All of these are good gifts from God, though sinners will abuse them. My car isn’t good or evil, but my use of it is. If I use it to drive a friend to school, that’s good; if I use it to run down the guy next door, that’s evil. Milk is nutritious, whether or not it comes from a Christian cow. A new worship song needs to be examined; if it teaches false stuff, avoid it. A network may have some good TV shows and some bad. Music and magazines are not all good or all evil; their good is determined by what they say, and this might vary from track to track, from page to page. It’s up to you to listen and watch with discretion, not based on what you think, but on what God’s Word says. "Test all things," writes St. Paul; "hold fast what is good. Abstain from every form of evil" (I Thess. 5:21-22). (By the way, you’ll find an exercise of this each month in the "Pulse" column of Higher Things, where Pastor Andrae courageously takes on the ticklish task of reviewing magazines, videos, etc. Some is good, some is bad; and sorting them out daily is a task of the Christian.)

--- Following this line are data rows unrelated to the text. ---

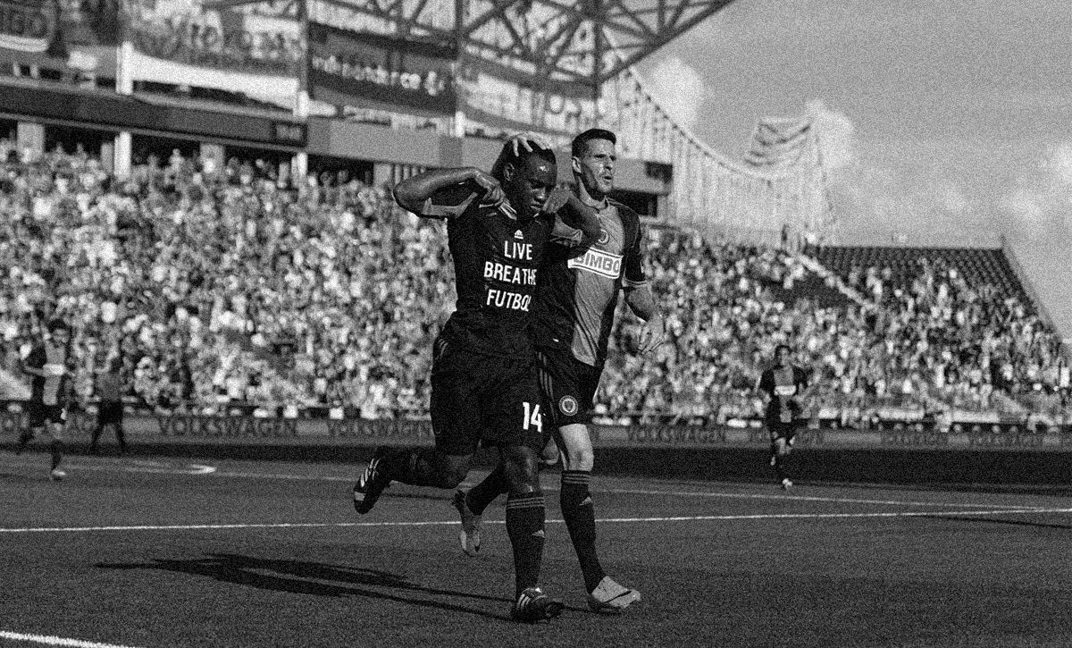 Amobi Okugo reveals an LBF shirt after scoring a header against FC Dallas back in 2013.
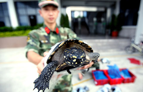 An officer holds one of the smuggled turtles in Shenzhen, South China's Guangdong province on Sept 20, 2015. [Photo/CFP] |
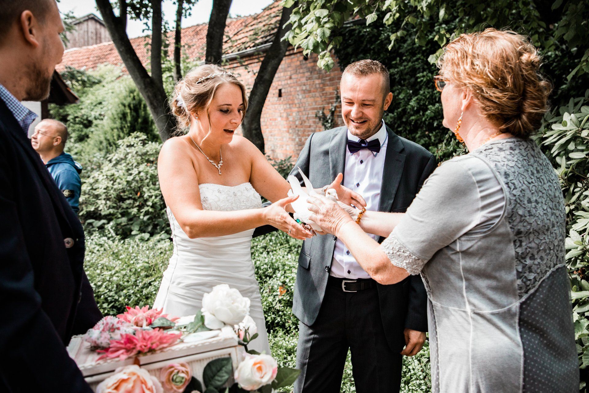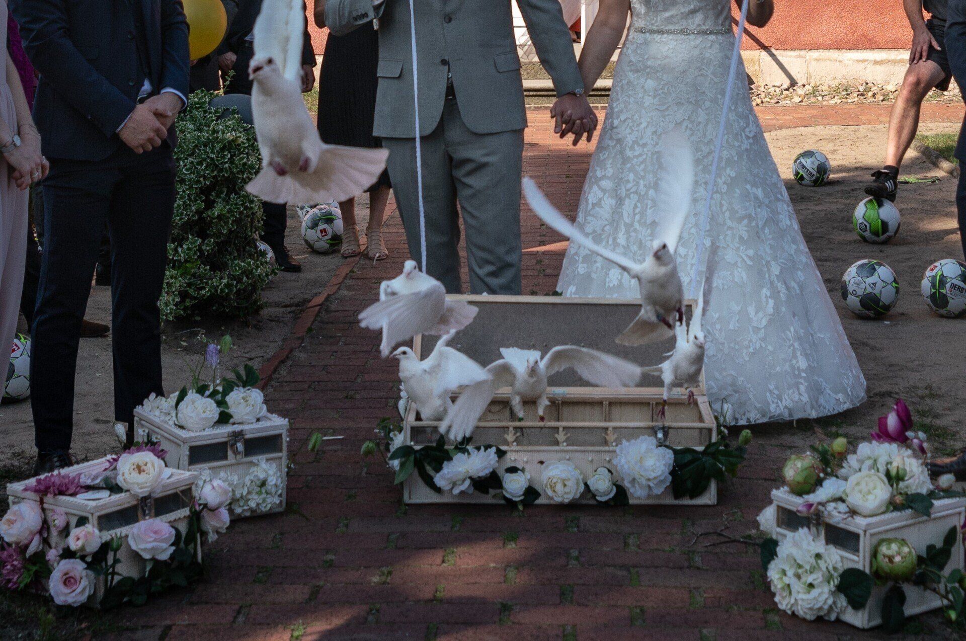 Grundsätzlich, kommen wir mit unseren weißen Tauben zu einem Event. Dort sind wir bis ihr die Tauben aufgelassen habt dabei.
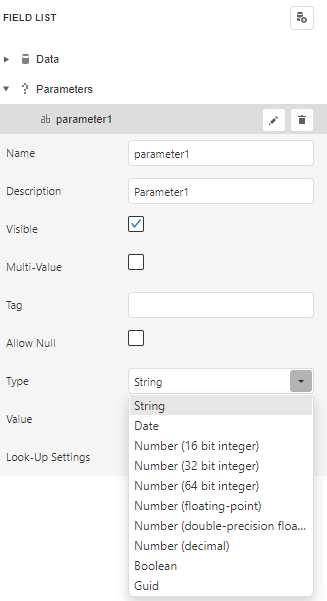 Wählen Sie in der Feldliste "Parameter" und klicken Sie auf . Ein Parameter wird hinzugefügt. Klicken Sie auf den kleinen Stift neben dem Namen des Parameters, um den Parameter zu bearbeiten.

Option #4 is what we call Luther’s "Two-Kingdom Doctrine." It’s what the Bible teaches. It’s also the only one of the four that works. It’s not as easy to practice as the others, because you can’t just label things without studying them. You’ve got to be on guard all the time. On the other hand, you have the privilege of enjoying all of God’s gifts for you—both in the Church and in the world.
The Rev. Tim Pauls is Associate Pastor/Acting School Administrator at Good Shepherd Lutheran Church in Boise, Idaho.